The Church of Jesus Christ of Latter-day Saints will no longer label same-sex couples "apostates" and will allow their children to be baptized into the church without special approval from church leaders, the church said in a surprise announcement Thursday.
The announcement was made by Dallin Oaks, a member of the church's First Presidency, at a conference in Salt Lake City.
"Previously, our Handbook characterized same-gender marriage by a member as apostasy," the church said in a statement. "While we still consider such a marriage to be a serious transgression, it will not be treated as apostasy for purposes of Church discipline. Instead, the immoral conduct in heterosexual or homosexual relationships will be treated in the same way."
The church, officially known as the Church of Jesus Christ of Latter-day Saints, said it wants "to reduce the hate and contention so common today."
The former policy, announced in 2015, had angered liberal and LGBT members, and some 1,500 left the church in protest, according to one activist .
The church said that its doctrines on marriage and salvation, of which marriage is an integral part, will not change.
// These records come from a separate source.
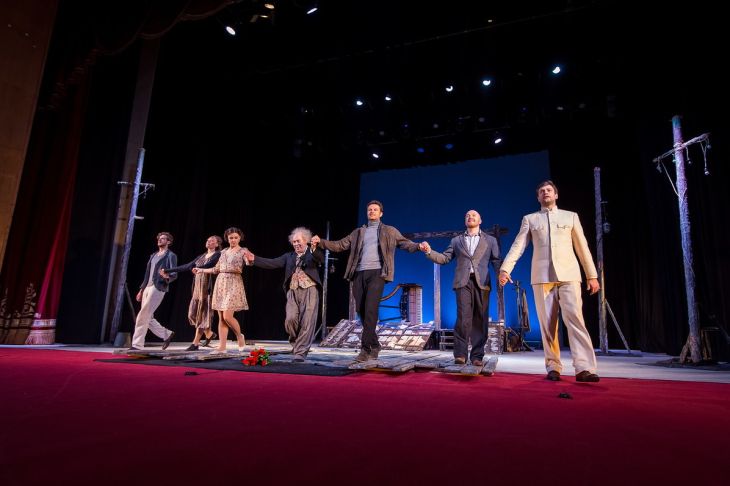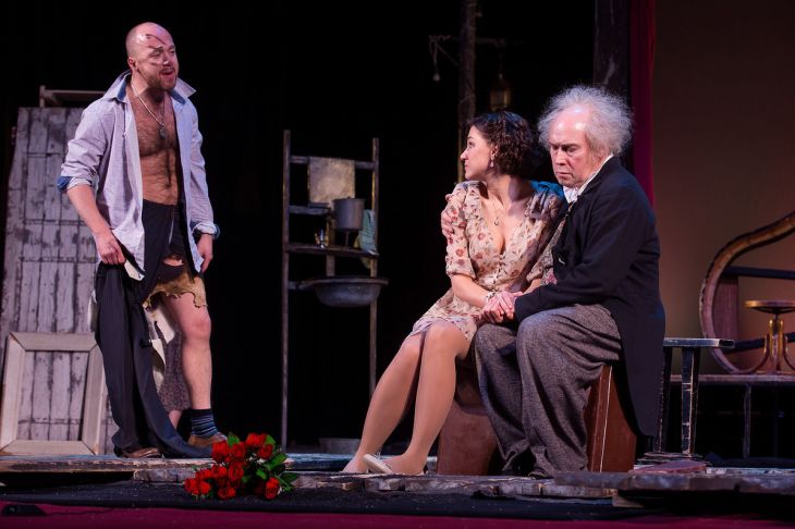 — Этот фильм, конечно, видела вся страна и видела не раз. И пьесу Вампилова в своё время ставили по всему СССР? И когда мы работали над спектаклем, все меня стали сравнивать с Леоновым — «не боишься, что будет хуже?». А я отвечаю – «не боюсь! У меня будет лучше, потому что будет по-другому». Действительно, у нас совсем другое решение. Леонов сделал пьющего человека, немножко рыхлого, неряшливого, потерянного. А мой — одержимый, мой Энштейн, композитор Бетховен. Даже в самой пьесе Вампилов заложил две черты его биографии: жена с Сарафановым оставила двоих детей. Как выдумаете, оставила ли бы она их с пьяницей? И второй момент – Сарафанов всю жизнь писал кантату, признание любви к человечеству. Такого мечтателя мы и сочинили. И мы с фильмом не соревновались.
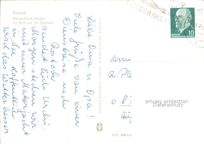 72257749 alte Postkarte ROSTOCK CITY Ostsee Druck Verlag Suedstadt postalisch gelaufen Erhaltung siehe scans KatCode: 11110013003000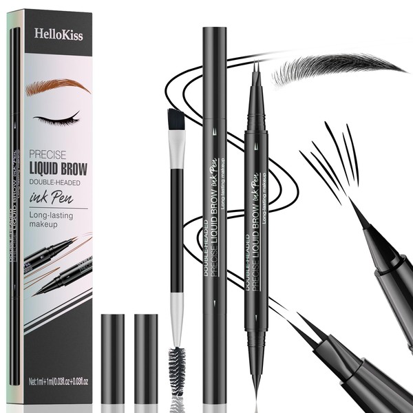 Magic Eyebrow Pencil, Waterproof, Microblading Eyebrow Pencil with 2 Micro Fork Tips and Precise Brush Tip, Smudge-proof Dual-Ended Eyebrow Pencil Creates Natural Eyebrows (Black)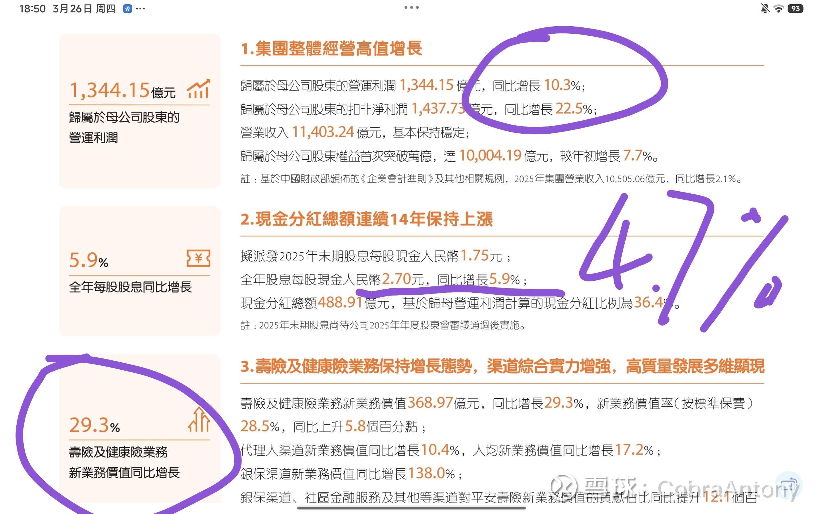 最后总结4点:1.长线发展,看营运利润和新业务价值。2.短线看净利润。3.保底看股息率。4.慢成长看医疗养老业务成长。这样看是不是简单很多?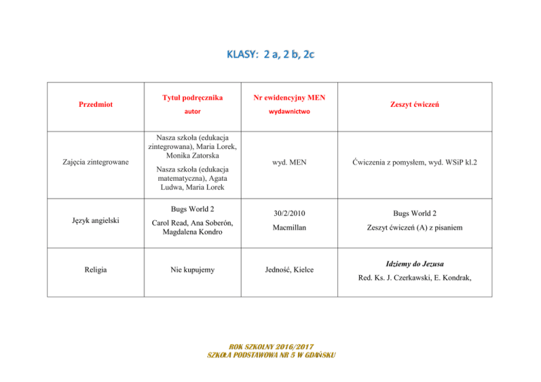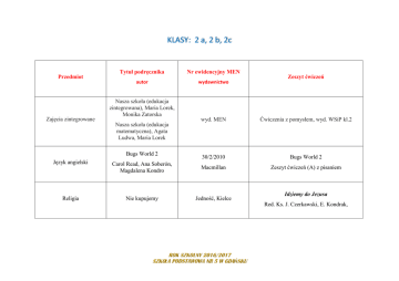 KLASY: 2 a, 2 b, 2c Przedmiot Zajęcia zintegrowane Tytuł podręcznika Nr ewidencyjny MEN autor wydawnictwo Nasza szkoła (edukacja zintegrowana), Maria Lorek, Monika Zatorska Nasza szkoła (edukacja matematyczna), Agata Ludwa, Maria Lorek Bugs World 2 Język angielski Religia Zeszyt ćwiczeń wyd. MEN Ćwiczenia z pomysłem, wyd. WSiP kl.2 30/2/2010 Bugs World 2 Carol Read, Ana Soberón, Magdalena Kondro Macmillan Zeszyt ćwiczeń (A) z pisaniem Nie kupujemy Jedność, Kielce Idziemy do Jezusa Red. Ks. J. Czerkawski, E. Kondrak,
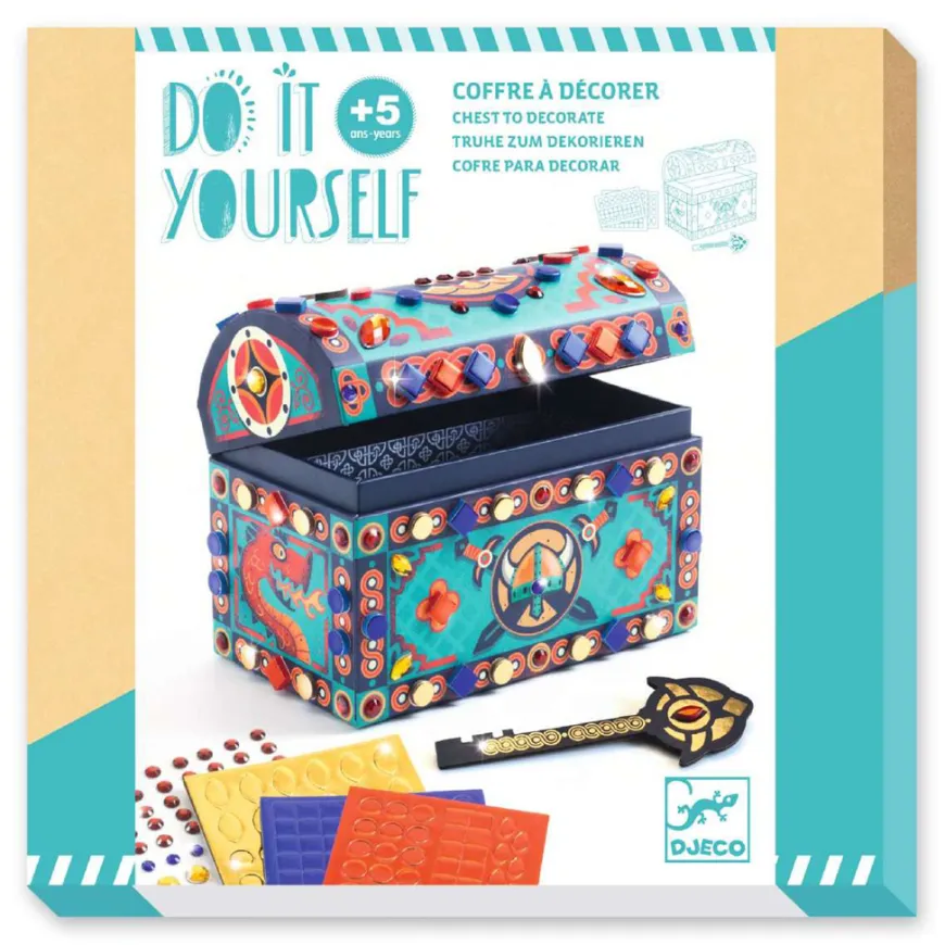 Eine elegante Djeco Truhe, die mit mehr als 150 Mosaikaufklebern und selbstklebenden Strasssteinen verziert werden kann. Der doppelte Boden der Djeco Truhe öffnet sich mithilfe des Schlüssels und bietet Zugang zu einem unsichtbaren Versteck, in dem die Kinder ihre wertvollsten Geheimnisse verbergen können.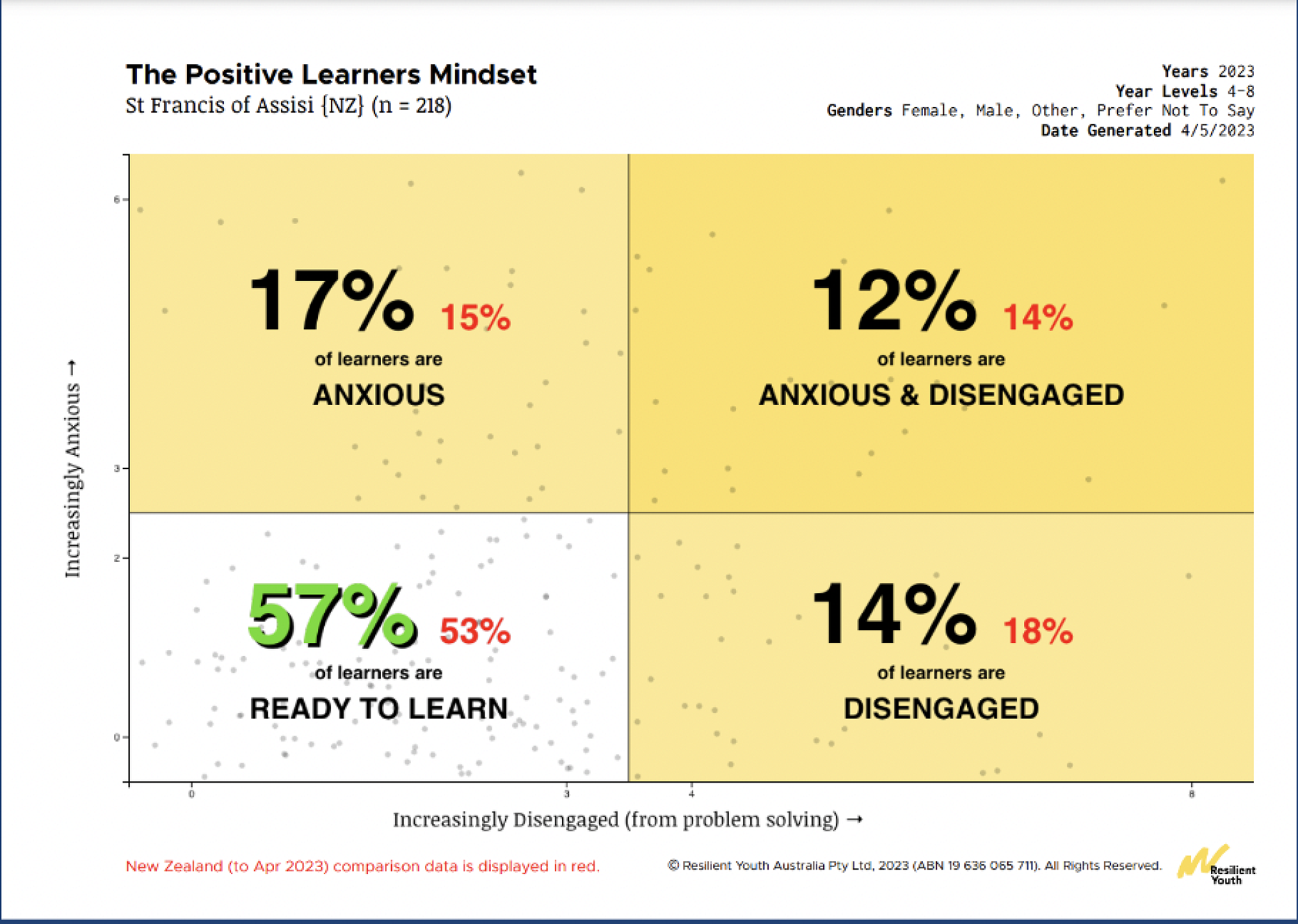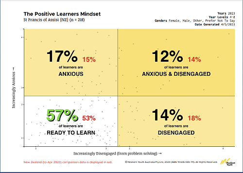 The statistics that Hugh shares in the video are Australian and we don’t have an exact NZ match for them - however our Year 4-8 students completed the Youth Resilience Survey at the end of last term - and we are able to share these results with you - with a comparison to the NZ averages (numbers in red).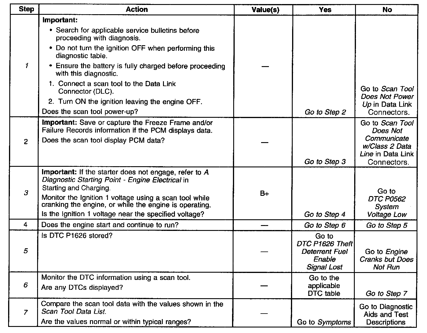The Powertrain OBD System Check is an organized approach to identifying a problem created by an electronic engine control system malfunction. The Powertrain OBD System Check is the starting point for any driveability concern diagnosis. The Powertrain OBD System Check directs the service technician to the next logical step in diagnosing a concern. Understanding and using the table correctly will reduce the diagnostic time and prevent the replacement of good pans.

LGBT church members are expected to be chaste, according to church teachings.
But LGBT parents can request that their children be blessed by a member of the church's priesthood and, when the child turns 8, the church "will contact them and propose that the child be baptized," the church said in its statement.
"These policy changes come after an extended period of counseling with our brethren in the Quorum of the Twelve Apostles and after fervent, united prayer to understand the will of the Lord on these matters."
Since taking office last year, President Russell Nelson has frequently changed church policies, sometimes relying on revelations he says were dictated by God. In contrast with church presidents of the recent past, Nelson speaks of his revelations openly and often, a phenomenon CNN explored in an article last week.
Thursday's announcement raises questions about the revelations, though, since Nelson had also presented the now-defunct LGBT policy as a matter of revelation received by the church's previous president, Thomas Monson.
The church said it will not comment further on the new policy.